LiNixMn2-xO4 for multicycle electrochemical selective recovery of lithium from lithium-ion battery leachate

Lithium (Li) has been known for possessing excellent electrochemical performance due to its growing use in energy-related applications such as lithium-ion batteries (LIBs). End-of-life LIBs are usually recycled through a leaching process that yields a solution known as LIB leachate that contains lithium and other LIB materials. The electrochemical technique, which generally uses lithium-manganese oxide (LMO) electrodes, is one of the promising techniques for selectively recovering lithium from the LIB leachate.
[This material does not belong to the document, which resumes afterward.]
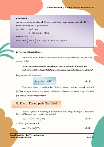 Pernyataan umum diatas dikenal sebagai teorema ekuipartisi energi, yang berbunyi

However, the stability perfor-mance of LMO is poor, mainly due to the Jahn-Teller effect of Mn3+ in LMO. In this study, substituting with nickel dopant was used to reduce the manganese content of LMO. Lithium was selectively recovered from actual LIB leachate using lithium nickel manganese oxide (LNMO) and activated carbon (AC) electrodes. The effects of operation time and current on lithium recovery from LIB leachate were studied to determine the optimal operation condition. It was discovered that longer operation time and higher current increased lithium adsorption capacity and energy consumption. Lithium recovery using the obtained optimal operation conditions resulted in a lithium adsorption capacity of 1.58 mmol/g, a lithium purity of 95.22 %, and an energy con-sumption of 2.79 Wh/mol. The effect of nickel doping into LMO on its performance was also investigated over 20 cycles. In a 20-cycle lithium recovery test, LiNi0.5Mn1.5O4 (LNMO-0.5) electrode showed stable lithium recovery performance until the 20th cycle, retaining approximately 97 % of the initial lithium adsorption capacity and increasing energy consumption by approximately 7 % after 20 cycles. Meanwhile, for pristine LMO, after 20 cycles, only about 47 % of the initial lithium adsorption capacity was retained, and the energy consumption was approximately 65 % higher than the initial cycle. Due to the outstanding performance of LNMO, it is expected to be a potential material for long-term selective lithium recovery from leachate in actual lithium-ion battery applications.